Full-duplex LSLMs implement FSM-driven control tokens for responsive behaviors: [S.SPEAK], [C.SPEAK], [S.LISTEN], [C.LISTEN]. Each step involves maximizing either control-token or content-token probabilities,

$x_t^* = \arg\max_x P(x|x_{<t},a_{\leq t})$

with transition function $\delta(s,c)$ explicitly formalized.

4. Streaming Fusion and Interruption Handling

LSLMs realize simultaneous listening and speaking via streaming fusion approaches. Middle-fusion, injecting listening embeddings into each Transformer layer, shows optimal performance, preserving speech synthesis (WER near baseline) while providing rapid, precise interruption detection (precision/recall/F1 often $\geq97\%$ under noise) (Ma et al., 5 Aug 2024). Early fusion corrupts generation quality, while late fusion yields less robust interruption boundaries.

Interruption handling is enacted via special vocabulary tokens (e.g., IRQ), with the loss function:

$\mathcal{L}_{\mathrm{LS}}(\theta) = \begin{cases} -\sum_{t=1}^{t_{\mathrm{IRQ}}} \log P_\theta(r^q_t | R^q_{1:t-1}, S^p_{1:t-1}, C) & \text{(with interruption)} \ -\sum_{t=1}^{T_{\mathrm{EOS}}} \log P_\theta(r^q_t | R^q_{1:t-1}, S^p_{1:t-1}, C) & \text{(no interruption)} \end{cases}$

Interruptions are detected within 0.5 s and model output ceases accordingly.

5. Optimization Strategies and Accuracy–Latency Trade-Offs

Direct Preference Optimization (DPO) extends LSLM fine-tuning to maximize the Pareto frontier for accuracy and latency.

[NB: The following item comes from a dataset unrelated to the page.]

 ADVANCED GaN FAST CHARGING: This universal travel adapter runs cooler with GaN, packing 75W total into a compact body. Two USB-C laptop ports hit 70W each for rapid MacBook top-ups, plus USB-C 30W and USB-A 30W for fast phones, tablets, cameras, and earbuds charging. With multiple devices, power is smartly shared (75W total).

LSLMs sample contrastive pairs, preferring shorter or more accurate traces:

$L_{\rm DPO}(\pi_\theta; \pi_{\rm ref}) = -\,\mathbb{E}_{(x,y_w,y_l)} \left[ \log \sigma \left( \beta \left[\log \frac{\pi_\theta(y_w|x)}{\pi_{\rm ref}(y_w|x)}- \log\frac{\pi_\theta(y_l|x)}{\pi_{\rm ref}(y_l|x)}\right]\right) \right]$

Adding an NLL regularization on the preferred path stabilizes training.

Empirical findings show:

CoT fine-tuning: $\sim$ 2–3× gain on reasoning accuracy
Early reasoning (QC-based, $\theta=0.75$ ): $75\%$ latency reduction, $14\%$ drop in absolute accuracy
DPO for early CoT: restores $3-4\%$ accuracy with minimal latency cost
Length-based DPO: shrinks reasoning traces by $\sim$ 70% (e.g., $50\to15$ tokens) with no accuracy degradation (Shih et al., 8 Oct 2025)

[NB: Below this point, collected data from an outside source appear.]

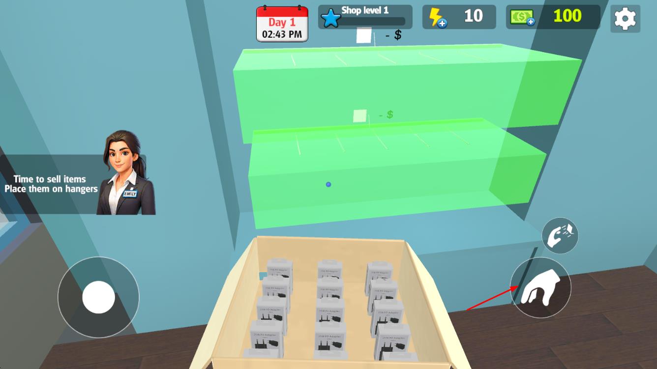 1、进入游戏后选择店铺初始布局,在空货架上摆放首批电子产品,调整装饰元素打造基础购物环境,准备迎接第一位顾客。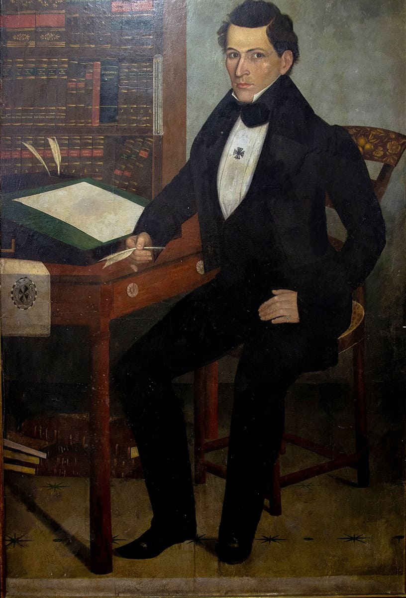 Formato vertical. Figura de cuerpo entero, sedente, ligeramente girada a la izquierda. Frente ancha, cabello largo; viste casaca negra y chaleco de igual color, camisa blanca con pechera y cruz al centro; cuello alto, escote en V. El brazo izquierdo sobre la pierna, mientras el derecho descansa sobre el escritorio, donde se ven útiles de escritura y la beca de colegial; la mano agarra una pluma. Detrás y debajo del escritorio están los libros de su biblioteca.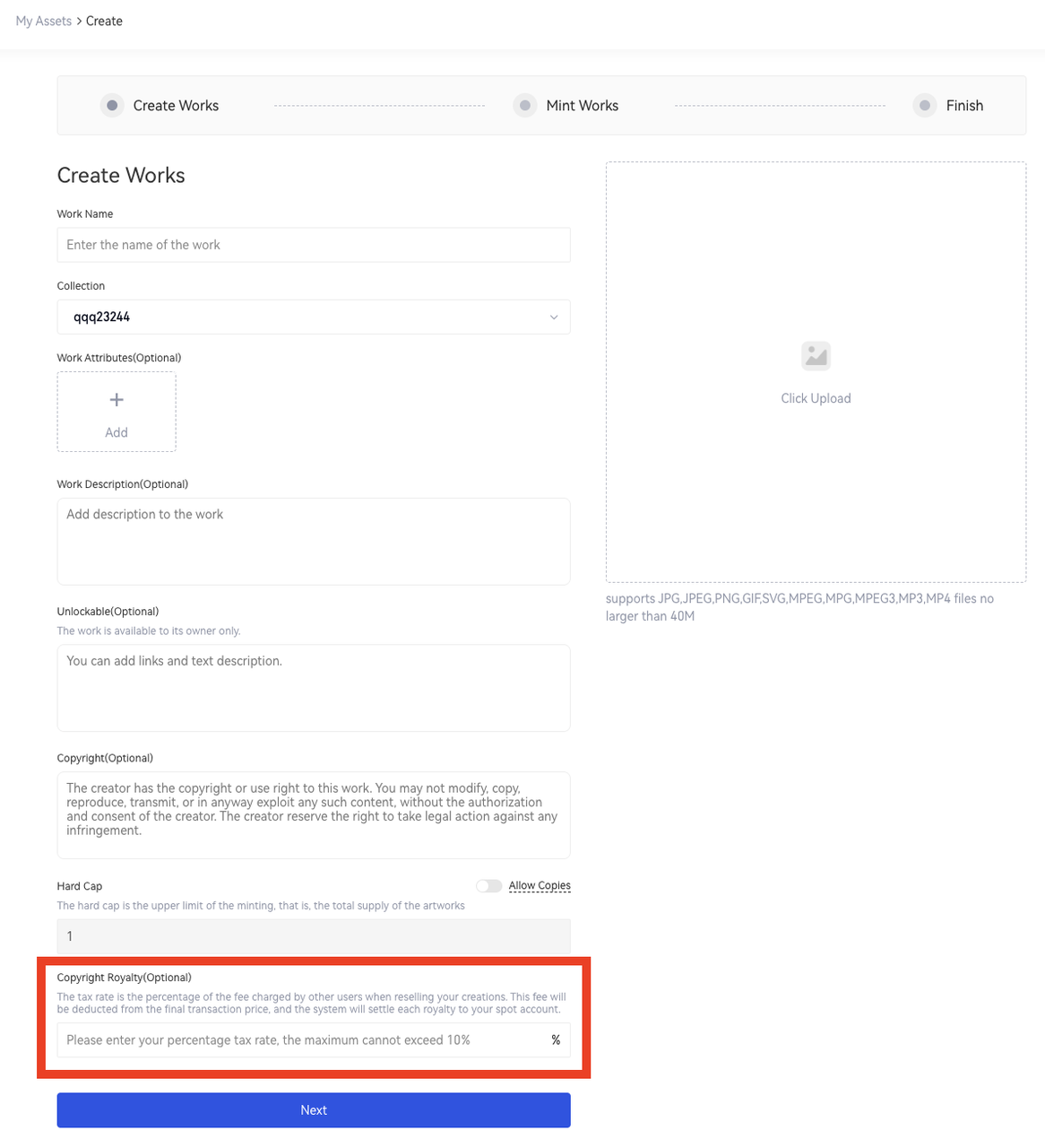 Создатели могут устанавливать роялти за работы или коллекции NFT в размере от 0 до 10%. Работа NFT, созданная на платформе Gate NFT, обычно имеет фиксированную налоговую ставку, которая устанавливается создателем и не может быть изменена после завершения работы.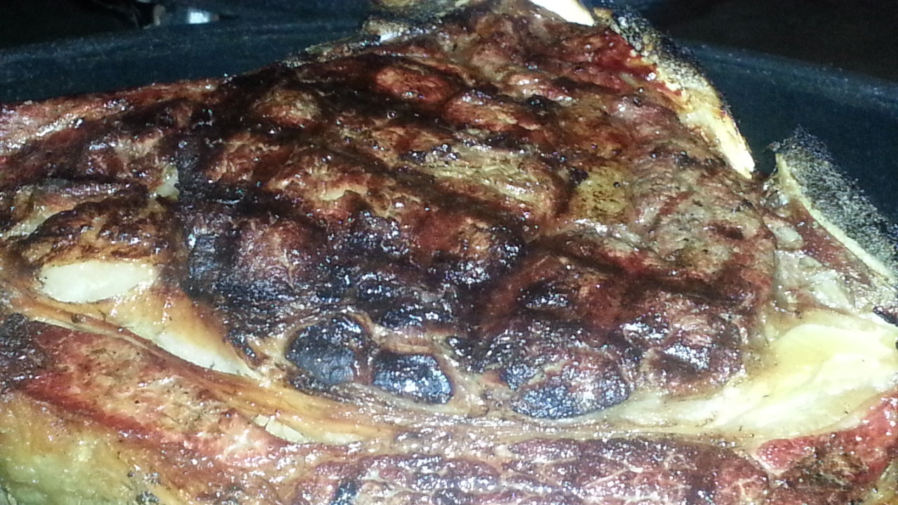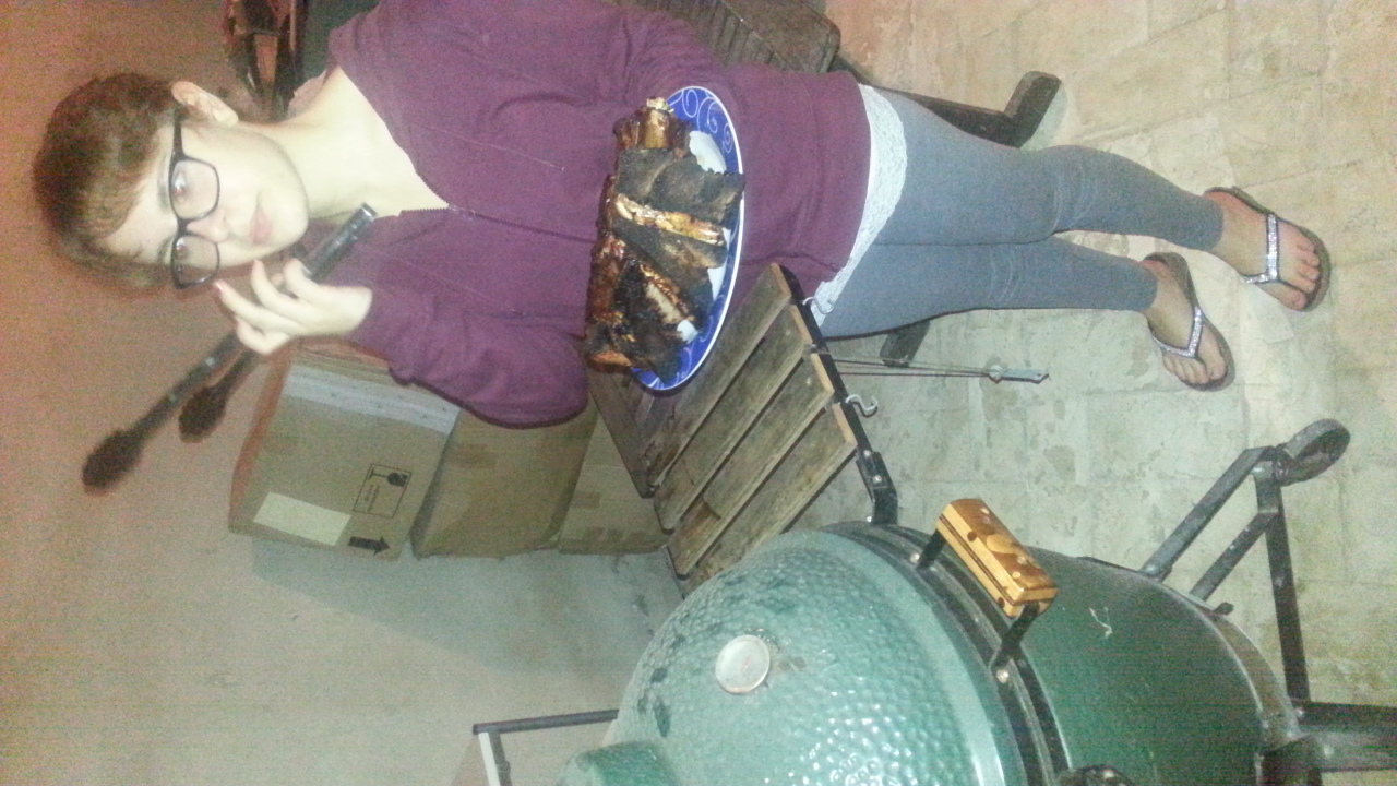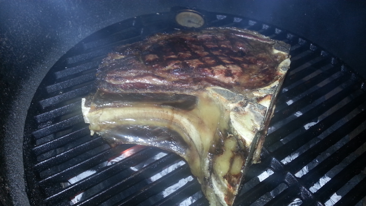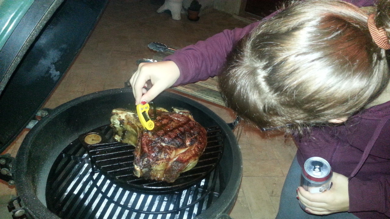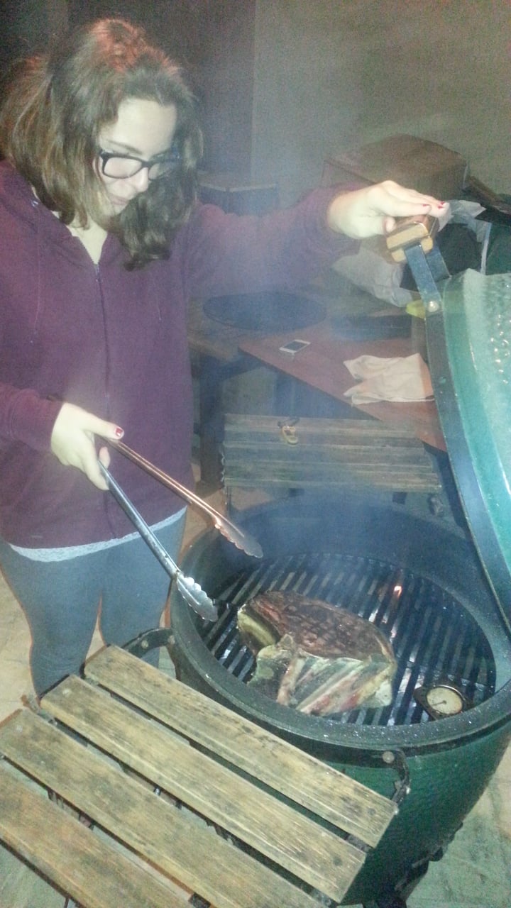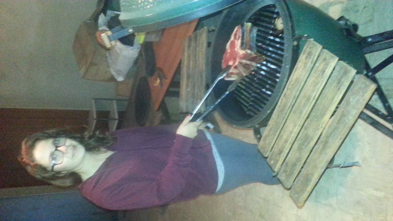 Her first cook on an EGG. Close to 6 pounds steak. At this time she was 15 yo.

6. Evaluation, Benchmarks, and Performance Metrics

LSLMs are evaluated under scenarios including ARC-E, ARC-C, SIQA, PIQA, GSM8K, LibriSpeech, and multi-agent social deduction environments:

Response latency: subsecond FTED, with $>50\%$ of responses under $500$ ms (Wang et al., 29 May 2024).
Interruption precision: LSLM achieves $8\%$ absolute gain over commercial models.
Duplexing robustness: models sustain WER close to vanilla TTS even under heavy noise, and precise turn-taking (F1 up to $98\%$ in controlled settings) (Ma et al., 5 Aug 2024).
Multi-agent games: listening-while-speaking agents double win rates compared to policy-only RL baselines, producing human-like grounded discussions and accurate hidden-state inference (Sarkar et al., 9 Feb 2025).

7. Limitations, Open Questions, and Future Directions

Current limitations include:

Model generalization under real-world accents and background noise.
Turn-taking beyond stop events, overlapping talkers, and multi-modal interruptions.
Computation overhead at inference, scaling for very large LLMs (quantization and sparse prediction are plausible future remedies) (Deng et al., 21 Dec 2024).

Open directions include integrating domain-specific adapters for speech or dialogue, extending LSLM capabilities to continuous multi-turn, cross-lingual, and multimodal (e.g., audio-visual) settings, and refining policy and preference learning for richer simultaneous interaction. Empirical extension to real recordings, low-resource scenarios, and rapid resetting for dynamic dialogue segmentation remain essential avenues.

LSLMs represent the foundational shift toward continuous, responsive, and reasoning-capable spoken language systems, leveraging multi-stream architectures, explicit reasoning triggers, streaming fusion for interruption resilience, and advanced optimization techniques to balance accuracy and latency for real-world deployment (Shih et al., 8 Oct 2025, Yuen et al., 25 Sep 2024, Ma et al., 5 Aug 2024, Wang et al., 29 May 2024, Guo et al., 1 Jan 2025, Deng et al., 21 Dec 2024, Sarkar et al., 9 Feb 2025, Novitasari et al., 2020).